Whether a claim “arises under” federal law generally depends on an evaluation of the “well-pleaded complaint.” Merrell Dow Pharm. Inc. v. Thompson, 478 U.S. 804, 808, 106 S.Ct. 3229, 92 L.Ed.2d 650 (1986). In the great majority of cases, a suit “arises under the law that creates the cause of action.” Franchise Tax Bd. of State of Cal. v. Constr. Laborers Vacation Trust for S. California, 463 U.S. 1, 8, 103 S.Ct. 2841, 77 L.Ed.2d 420 (1983) (quotation omitted). However, there are two exceptions. First, under the Smith doctrine, a case may “arise under” federal law if the state-law right necessarily requires resolution of a substantial question of federal law. Smith v. Kansas City Title & Trust Co., 255 U.S. 180, 201, 41 S.Ct. 243, 65 L.Ed. 577 (1921). Second, an action may also “arise under” federal law if a federal statute completely preempts the state-law cause of action. Beneficial Nat. Bank v. Anderson, 539 U.S. 1, 8, 123 S.Ct. 2058, 156 L.Ed.2d 1 (2003). A defendant may not remove a case on the basis of a federal defense, but neither may a plaintiff defeat removal by failing to plead necessary federal questions. Caterpillar Inc. v. Williams, 482 U.S. 386, 392, 107 S.Ct. 2425, 96 L.Ed.2d 318 (1987).

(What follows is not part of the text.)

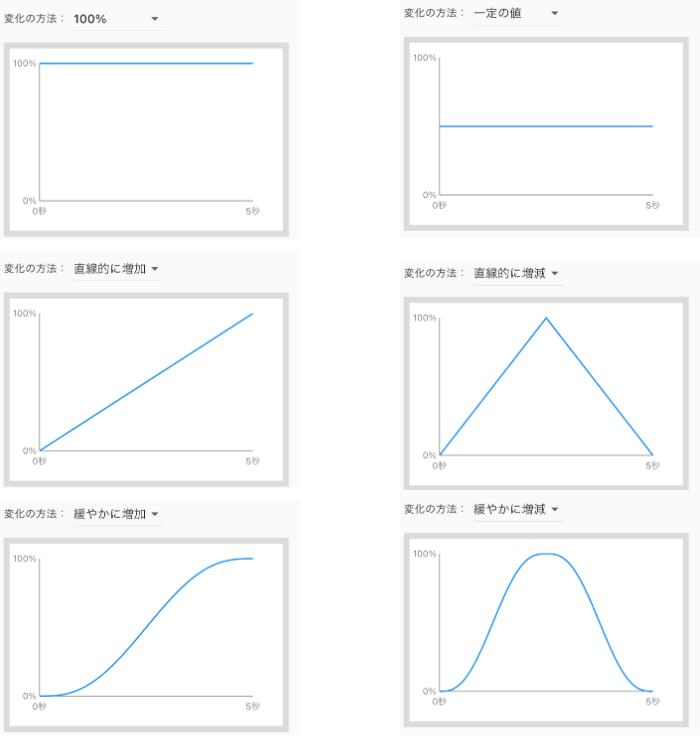 透明度変化量とサイズ変化量の場合、グラフの縦軸は0%から100%になります。横軸は、ストーリーボード再生の経過時間となります。ぼかし変化量の場合、グラフの縦軸は0pxから30pxになります。x軸回転変化量、y軸回転変化量、z軸回転変化量の場合、縦軸は、0°から360°の値になります。

The Commonwealth's complaint does not, ostensibly, plead a federal cause of action. It alleges breach of contract, which is a state-law claim, and seeks a declaratory judgment under Mass. Gen. Laws ch. 231A, the Massachusetts declaratory judgment statute. The Tribe's potential responses to those claims—that the IGRA or the Massachusetts Settlement Act preempt state law or that the tribe has sovereign immunity—are federal defenses. See Oklahoma Tax Comm'n v. Graham, 489 U.S. 838, 840–42, 109 S.Ct. 1519, 103 L.Ed.2d 924 (1989) (defense of tribal immunity is not a ground for removal); Gully v. First Nat'l Bank, 299 U.S. 109, 115–16, 57 S.Ct. 96, 81 L.Ed. 70 (1936) (ordinary preemption is not a basis for removal); Fayard v. Ne. Vehicle Servs., LLC, 533 F.3d 42, 45–46 (1st Cir.2008) (same); Wiener v. Wampanoag Aquinnah Shellfish Hatchery Corp., 223 F.Supp.2d 346, 351–52 (D.Mass.2002) (Wampanoag Settlement Act not sufficient ground for removal). Because the complaint does not plead a federal cause of action, this Court has subject-matter jurisdiction only if one of the two exceptions applies: the Smith doctrine or complete preemption.
Under the Smith doctrine, a case “might still ‘arise under’ the laws of the United States,” in spite of a complaint that lists only state-law causes of action, “if a well-pleaded complaint established that its right to relief under state law requires resolution of a substantial question of federal law in dispute between the parties.” Franchise Tax Bd., 463 U.S. at 13, 103 S.Ct. 2841.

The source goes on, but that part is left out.